Later in this book, in the "Grid Anatomy" section, we will see that this definition has evolved to give more emphasis on the seamless resource sharing aspects in a collaborative virtual organizational world. But the concept still holds for a computational grid where the sharable resource remains a computing power. As of now, the majority of the computational grids are centered on major scientific experiments and collaborative environments.

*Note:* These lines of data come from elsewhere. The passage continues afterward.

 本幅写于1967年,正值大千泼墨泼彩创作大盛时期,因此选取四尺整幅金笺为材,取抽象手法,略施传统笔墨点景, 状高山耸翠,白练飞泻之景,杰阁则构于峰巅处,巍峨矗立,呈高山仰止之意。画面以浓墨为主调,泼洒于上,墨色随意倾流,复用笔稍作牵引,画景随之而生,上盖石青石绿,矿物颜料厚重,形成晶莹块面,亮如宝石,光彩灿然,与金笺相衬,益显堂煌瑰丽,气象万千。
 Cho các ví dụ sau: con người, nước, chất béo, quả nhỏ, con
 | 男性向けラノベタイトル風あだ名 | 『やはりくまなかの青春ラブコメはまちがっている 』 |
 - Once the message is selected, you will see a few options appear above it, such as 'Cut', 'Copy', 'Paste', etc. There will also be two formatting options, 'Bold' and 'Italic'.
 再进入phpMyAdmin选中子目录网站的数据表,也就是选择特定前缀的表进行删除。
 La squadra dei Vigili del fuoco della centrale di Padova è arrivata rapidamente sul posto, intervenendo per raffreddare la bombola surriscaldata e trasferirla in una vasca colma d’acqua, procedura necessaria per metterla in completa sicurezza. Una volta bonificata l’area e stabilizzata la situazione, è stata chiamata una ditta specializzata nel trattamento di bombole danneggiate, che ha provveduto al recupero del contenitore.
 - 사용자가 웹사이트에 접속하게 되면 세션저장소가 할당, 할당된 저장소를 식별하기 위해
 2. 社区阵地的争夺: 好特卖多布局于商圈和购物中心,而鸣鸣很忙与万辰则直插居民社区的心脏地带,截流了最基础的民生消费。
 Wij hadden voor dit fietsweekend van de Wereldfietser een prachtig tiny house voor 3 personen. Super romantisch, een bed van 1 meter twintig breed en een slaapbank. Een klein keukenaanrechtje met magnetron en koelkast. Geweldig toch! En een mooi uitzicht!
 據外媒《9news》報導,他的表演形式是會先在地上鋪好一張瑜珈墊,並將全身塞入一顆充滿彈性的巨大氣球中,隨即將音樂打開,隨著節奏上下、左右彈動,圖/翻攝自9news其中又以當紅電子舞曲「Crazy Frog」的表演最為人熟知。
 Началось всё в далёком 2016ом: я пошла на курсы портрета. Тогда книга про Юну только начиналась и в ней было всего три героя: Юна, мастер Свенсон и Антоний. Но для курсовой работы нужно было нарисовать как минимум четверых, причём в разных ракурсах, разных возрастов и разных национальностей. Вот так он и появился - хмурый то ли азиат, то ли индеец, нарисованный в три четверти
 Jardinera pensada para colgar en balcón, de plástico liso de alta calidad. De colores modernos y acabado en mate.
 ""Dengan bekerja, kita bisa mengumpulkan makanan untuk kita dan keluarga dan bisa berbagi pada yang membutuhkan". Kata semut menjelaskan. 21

The requirement for key data forms a core underpinning of any Grid Computing environment. For example, in data-intensive grids, the focus is on the management of data, which is being held in a variety of data storage facilities in geographically dispersed locations. These data sources can be databases, file systems, and storage devices. The grid systems must also be capable of providing data virtualization services to provide transparency for data access, integration, and processing. In addition to the above requirements, security and privacy requirements of all respective data in a grid system is quite complex.
We can summarize the data requirements in the early grid solutions as follows:
The ability to discover data
The access to databases, utilizing meta-data and other attributes of the data
The provisioning of computing facilities for high-speed data movement
The capability to support flexible data access and data filtering capabilities
As one begins to realize the importance of extreme high performance-related issues in a Grid Computing environment, it is recommended to store (or cache) data near to the computation, and to provide a common interface for data access and management.
It is interesting to note that upon careful examination of existing Grid Computing systems, readers will learn that many Grid Computing systems are being applied in several important scientific research and collaboration projects; however, this does not preclude the importance of Grid Computing in business-, academic-, and industry-related fields. The commercialization of Grid Computing invites and addresses a key architectural alignment with several existing commercial frameworks for improved interoperability and integration.
As we will describe in this book, many current trends in Grid Computing are toward service-based architectures for grid environments. This "architecture" is built for interoperability and is (again) based upon open standard protocols. We will provide a full treatment including many of the details toward this architecture throughout subsequent sections in this book.